Today, we’re sharing examples of how these voluntary collaborations have built on our existing security approaches to produce real-world security improvements in practice: joint red-teaming of safeguards against biological misuse, end-to-end testing of products for security issues, and rapid feedback loops to resolve related vulnerabilities. The result is stronger safeguards for widely used AI products, raising the bar for the wider industry, increasing adoption of AI, and showing how governments and industry can work together to evaluate and improve the security of AI systems.

Collaborating to Secure the Deployment of AI Agents

For more than a year, OpenAI has partnered with CAISI to evaluate⁠(opens in a new window) OpenAI models’ capabilities in cyber, chemical-biological, and other national security-relevant domains. We recently expanded our partnership to include emerging product security challenges and partnered with CAISI to red-team the security of OpenAI’s agentic AI systems. In a new kind of collaboration that took place in July, OpenAI worked with CAISI to explore how we can partner with external evaluators to find and fix security vulnerabilities in agentic systems, such as OpenAI’s ChatGPT Agent product.

This collaboration with CAISI was a preliminary step into a new domain of red-teaming agentic systems. We aim to continue collaboration in this domain, and our work with CAISI builds upon other layers of deployment security efforts including our own internal testing.

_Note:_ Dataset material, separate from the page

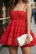 Step into instant elegance with this stunning red mini dress designed to make you feel confident, feminine, and unforgettable. With its delicate straps, flowy tiered ruffles, and flattering silhouette, this dress is made for women who love effortless glamour and standout style.
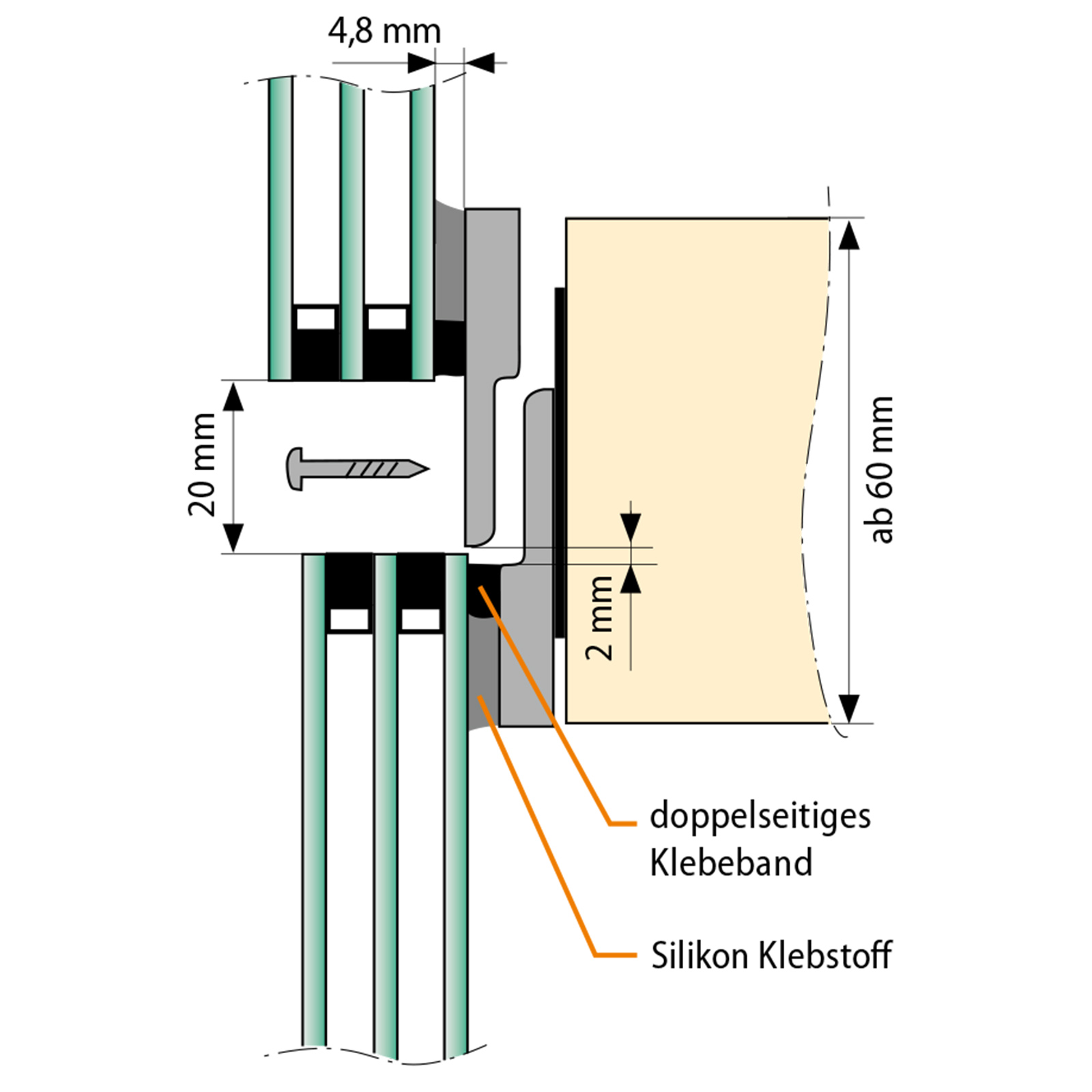 • Zulassung für außermittige Glaslasten bis 700 kg mittels einer zusätzlichen Verstärkungsplatte

An expert team at CAISI, combining expertise in cybersecurity and AI agent security, worked to investigate and identify new vulnerabilities in these systems. CAISI received early access to ChatGPT Agent, which helped the team to build an early understanding of the system architecture, and the team later red-teamed the released system.

In ongoing probing, CAISI identified two novel security vulnerabilities in ChatGPT Agent that, under certain circumstances, could have allowed a sophisticated attacker to bypass our security protections, and to remotely control the computer systems the agent could access for that session and successfully impersonate the user for other websites they’d logged into.

Due to security measures in the design of OpenAI’s product, CAISI initially thought the vulnerabilities they discovered were unexploitable and thus useless to attackers. But upon further analysis, CAISI found a way to bypass the security protections of OpenAI’s systems by combining these traditional cyber vulnerabilities with an AI agent hijacking attack⁠(opens in a new window). The proof-of-concept attack developed by CAISI successfully bypassed various AI-based security protections, which led to a full exploit chain with a success rate of approximately 50%. The CAISI team’s multidisciplinary approach enabled them to develop a sophisticated exploit chain combining traditional software vulnerabilities with AI vulnerabilities. And, in an example of how AI systems can be a valuable tool for security testing, CAISI made use of ChatGPT Agent itself to aid in the process of discovering these vulnerabilities.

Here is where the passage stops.